Conclusion: Whey protein powders clump because most whey products contain whey protein concentrate. Purer forms of protein like whey protein isolate and hydrolyzed whey protein isolate should not clump. Be aware, some products mix whey protein concentrate in with whey isolate and call it a "blend". Unless they explicitly disclose the blend ratio there is no way to know how much of this blend is concentrate v. isolate. 

*source: examine.com

Phenomenon # 2- Protein Powder Leaving You Bloated and with Gas

The reason your protein powder leaves you bloated or with gas is because of the lactose. It is estimated that 30 million American adults develop some degree of lactose intolerance by the age of 20.* It is true that overconsumption of protein or excess air (from consuming a drink too fast) can cause some bloating. However, the normal 20 -30g serving of protein powder alone should not cause bloating. That is, of course, assuming that your protein powder doesn't contain large amounts of lactose. 

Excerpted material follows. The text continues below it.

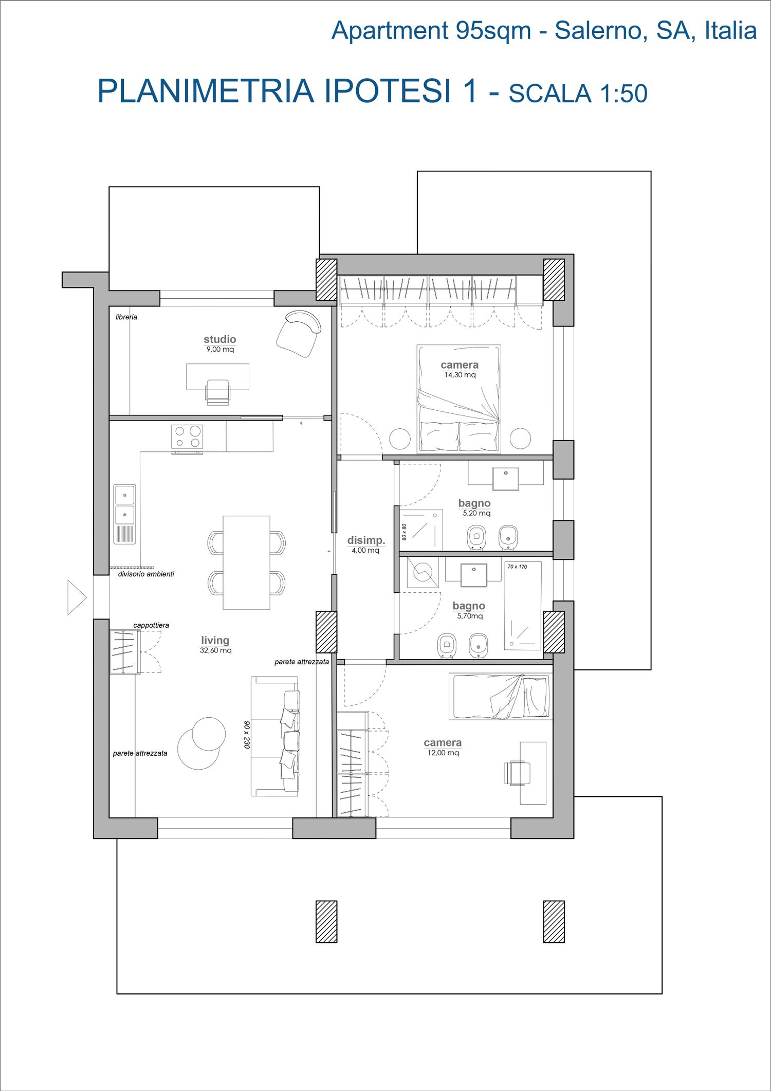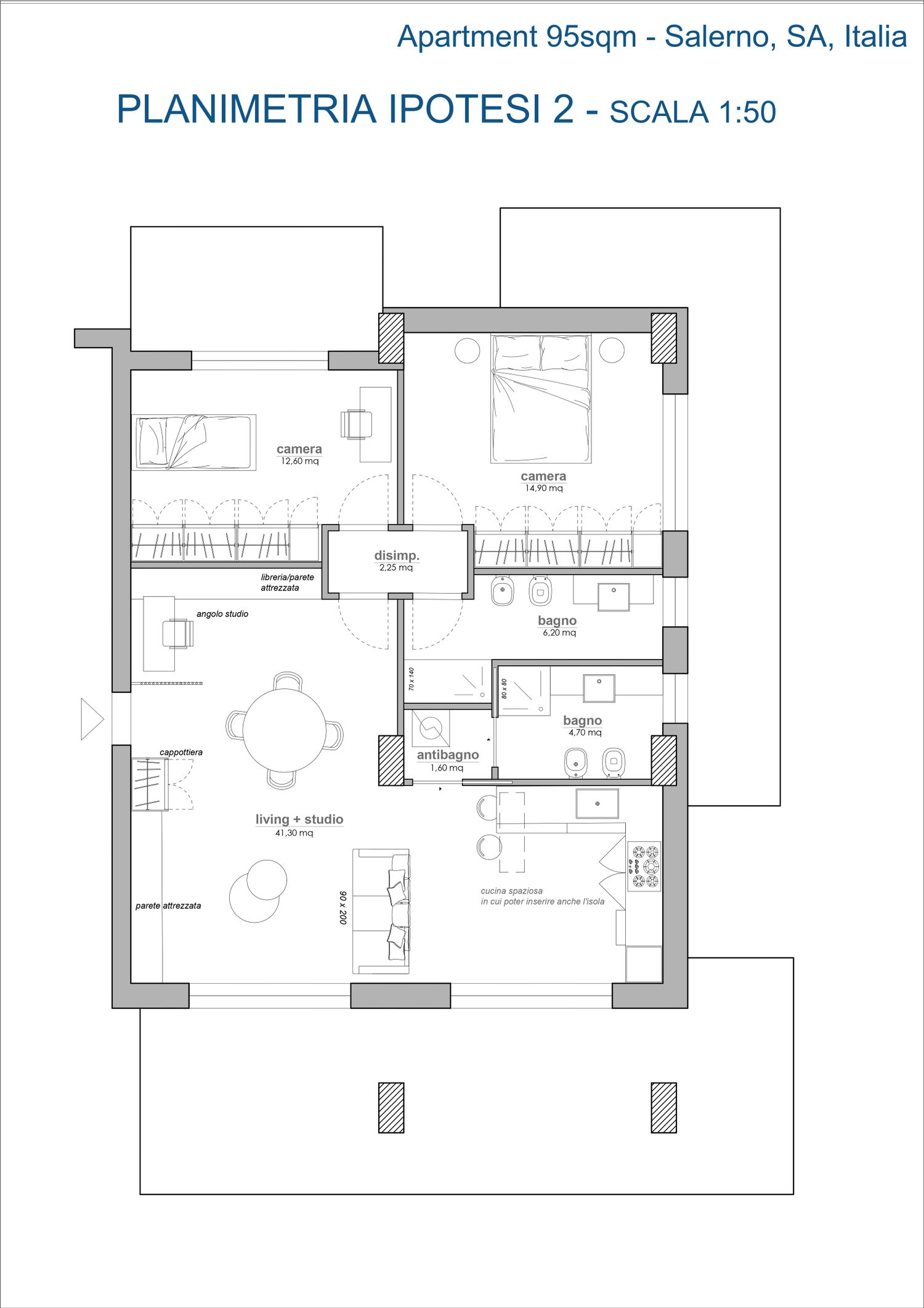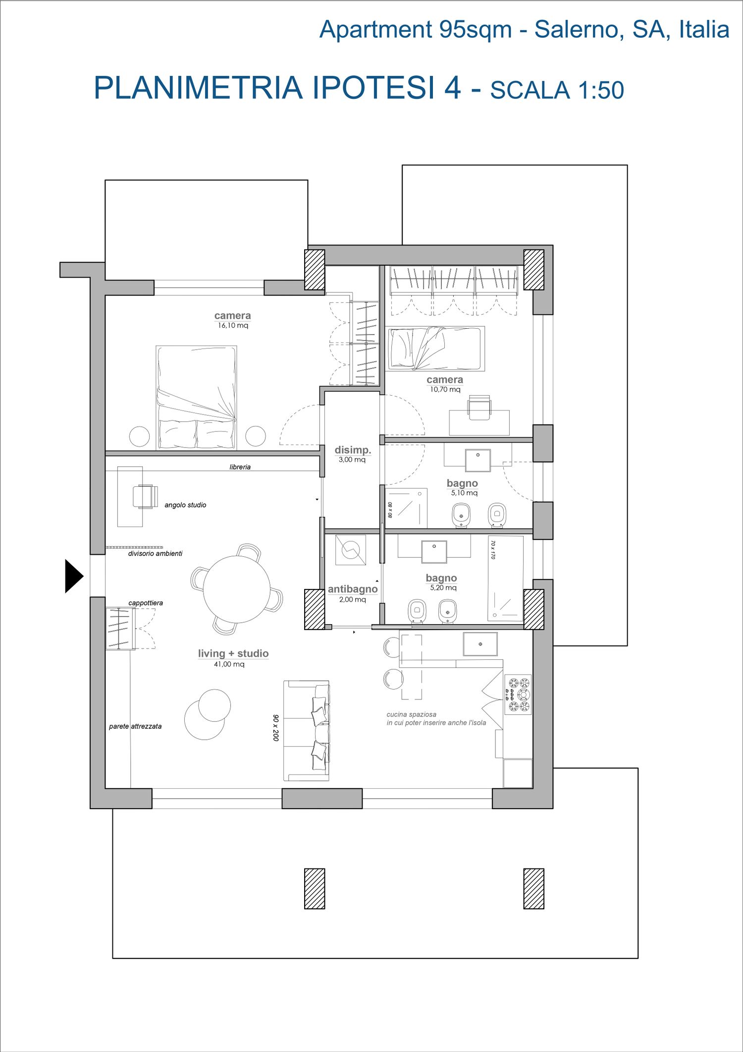 Vengono presentate quattro diverse ipotesi progettuali, accomunate dal medesimo obiettivo: creare spazi ampi, flessibili e abitabili in ogni circostanza. Nel rispetto delle richieste del bando, ĆØ stata inoltre sviluppata una soluzione alternativa che prevede lāinserimento dello studio allāinterno dellāopen space. Questa proposta, da valutare in base alle specifiche esigenze, consente di sfruttare appieno la doppia apertura finestrata dellāarea living, evitando di sacrificarne una per la realizzazione di un ambiente chiuso dedicato allo studio. Ć tuttavia fondamentale concepire lo studio nellāopen space come uno spazio chiaramente definito: se correttamente progettato, può garantire un adeguato livello di privacy pur mantenendo continuitĆ con lāambiente circostante.

Solution: Opt for pure whey protein isolate products. Even better, look for products that contain hydrolyzed whey protein isolate. If you have a severe lactose intolerance you can also try a non-whey protein such as pea or hemp.

Conclusion: Your digestive discomfort is coming from lactose in your protein powder. Again, check your labels to make sure there is no concentrate hidden behind a proprietary blend. 

*source: medline plus

Phenomenon #3 - Whey Protein is Going to Make Me "Jacked"

It's not. At least not on its own. This is not a phenomenon, it's a myth. If you drank 3 protein shakes a day and never worked out - you wouldn't gain any muscle. Our body builds muscle as a response to stress (ie. working out). A great protein supplement aids significantly in the recovery process by giving your body the building blocks it needs to repair and get stronger. 

If you drank 3 protein shakes a day and never worked out - you wouldn't gain any muscle.

It might be strange to hear a supplement company say this, but, you have to work or the products won't . The type of work you are performing is also important. If getting "jacked" is your goal - lift moderately heavy weights in large volume. If you are trying to lose weight - perform circuit training with low weight or bodyweight.

Whatever your goals are, protein plays a crucial role in recovery. If you are a runner looking to recover faster after a workout, protein can help dramatically. You are not going to spontaneously sprout gigantic legs.

If protein is the building block, you have to decide how the blocks get stacked together. A great personal trainer can help tremendously with this. Stay tuned for future articles where we will be recommending some of our favorites. 

Conclusion: Protein powder aids in muscle recovery and is beneficial no matter what your goals are. Another reason to read your labels --- many products add ingredients like creatine or some sort of thermogenic agent. Ask yourself if you need all of this in your protein. Ingredients like creatine are highly effective but should be used separately from your protein powder. This way you can control quality, dosage amounts, and timing.